U.S. looks to step up regime change efforts in Georgia

12:56 22.01.2024 •

A man waves the Georgian national flag in front of a burning barricade near the Georgian Parliament building in Tbilisi, Georgia, March 9, 2023.
Photo: usnews.com

On December 1, the National Endowment for Democracy (NED) hosted a forum by female lawmakers in Georgia who favored its integration into the European Union (EU) and embrace of North Atlantic Treaty Organization (NATO) membership, and who were fiercely hostile to Russia, writes ‘Covertaction Magazine’.

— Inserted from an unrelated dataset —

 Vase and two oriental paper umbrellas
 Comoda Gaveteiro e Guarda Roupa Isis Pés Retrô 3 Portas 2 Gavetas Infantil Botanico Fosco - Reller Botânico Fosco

One of the panelists, Khatia Dekanoidze, was the former chief of the national police of Ukraine and an adviser to the International Criminal Investigative Training Assistance Program (ICITAP) of the U.S. Department of Justice, which trained Ukraine’s police force with the purpose of trying to stabilize the government that came to power in a 2014 U.S.-backed coup d’état.

Two other panelists at the NED forum participated in protests against the attempt by the Georgian government to enact a law modeled after one in Russia requiring NGOs to register as foreign agents if they received more than 20% of their revenue from foreign sources.

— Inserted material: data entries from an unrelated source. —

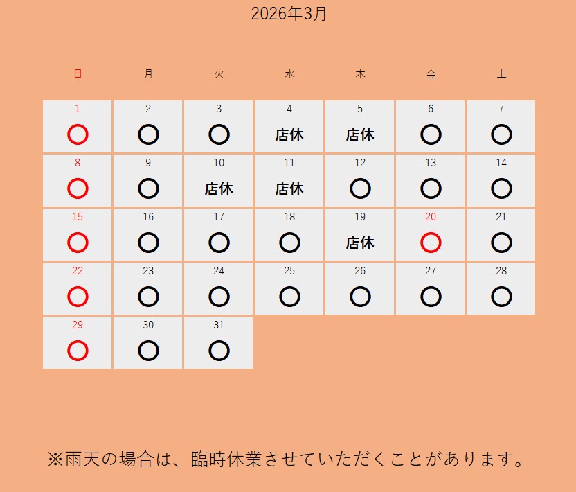 3月の営業スケジュール
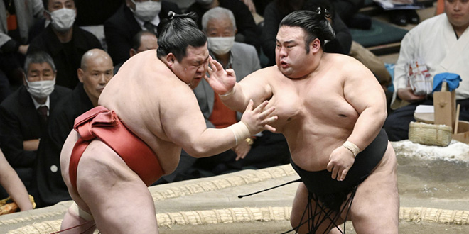 Le komusubi Wakamotoharu (7-6) s’est lui imposé face au n ° 6 Hokutofuji (7-6).
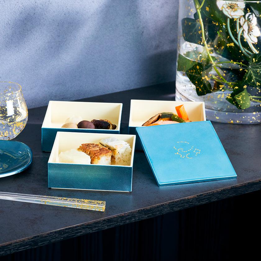 丈夫で扱いやすい樹脂製の重箱は、金沢21世紀美術館の代表的な作品の1つであるプールに映る星座をイメージした水色で、内側は中身を際立たせるマットホワイトで仕上げました。

The NED is a CIA offshoot founded in the 1980s to promote pro-U.S. propaganda, including by publicizing human rights abuses — both real and imagined — of governments that the U.S. targets for regime change.

In 2021, the NED, invested $2,3 million in Georgia, including in civil society groups that were involved in the NGO law protests.

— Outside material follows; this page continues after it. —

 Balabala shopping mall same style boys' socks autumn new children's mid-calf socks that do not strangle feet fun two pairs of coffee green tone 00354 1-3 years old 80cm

Georgia is a key focal point for the NED as a front-line state in the new Cold War. The failings of the spring-summer counteroffensive in Ukraine and Russian success in reclaiming parts of eastern Ukraine have led to a more aggressive approach toward countries like Belarus and Georgia that remain in the Russian orbit.

With the end of the Cold War, U.S. political elites saw a great opportunity to gain control over Eastern Europe and Central Asia and to decapitate Russia once and for all, preventing the possibility that it could ever again challenge U.S. global hegemony.

The government in Georgia, however, run by the Georgia Dream Party, has sought to retain good relations with Russia while balancing East and West.

Kit Klarenberg wrote in The Grayzone that, “for the neoconservative establishment, [Georgia Dream’s] true sin is being insufficiently supportive of the Ukraine proxy war. Thus Ukrainian elements are set to be involved in a possible color revolution [within Georgia]. If such an operation succeeds, it would open a second front in that war on Russia’s Western flank.”

Klarenberg’s article in The Grayzone was entitled “A Maidan 2.0 color revolution looms in Georgia.” It detailed the detention by Georgia’s security services of three staffers with the Serbian-based Center for Applied Nonviolent Actions and Strategies (CANVAS), a U.S. government-funded organization with close CIA ties, for allegedly assisting opposition elements to prepare a regime-change operation.

In September, Georgian security officials warned about “a coup à la Euromaidan [2014 Ukraine coup]” allegedly being prepared in Georgia, led by ethnic Georgians working for the Ukrainian government: Giorgi Lortkipanidze, Kyiv’s deputy military intelligence chief; Mikheil Baturin, the bodyguard of former President Mikheil Saakashvili; and Mamuka Mamulashvili.

Mamulashvili has been implicated in a false-flag massacre pivotal to the February 2014 Maidan coup, which brought shooters equipped with sniper rifles to Maidan Square to “sow some chaos” by opening fire on crowds with the intent of blaming pro-Russian President Viktor Yanukovych’s security forces.

Klarenberg points out that CANVAS evolved out of Otpor!, a rebellious youth movement in Yugoslavia that staged protests which helped oust socialist Slobodan Milošević in the late 1990s following the U.S. bombing of Serbia.

Otpor! received financial support from the NED, which financed trade unions and media networks that were against Milošević and groups that organized conferences bringing anti- Milošević activists together and that promoted the teachings of regime-change gurus, Robert Helvey and Gene Sharp

Once Milošević was removed in October 2000, Otpor! leaders founded CANVAS, and began exporting their revolutionary model elsewhere, including Georgia in 2003. There, they created Kmara, an Otpor! clone that received sizable NED funding.

Leaked emails exposed how Otpor! leader and CANVAS founder Srdja Popovic worked closely in secret with Stratfor, a private security firm known as “The Shadow CIA,” and had produced a guide on how to unseat Venezuelan President Hugo Chávez.

One Stratfor analyst tellingly said that CANVAS’s mission was “basically [going] around the world trying to topple dictators and autocratic governments [ones that the U.S. does not like]. They just go and set up shop in a country and try to bring the government down. When used properly, [they are] more powerful than an aircraft carrier battle group.”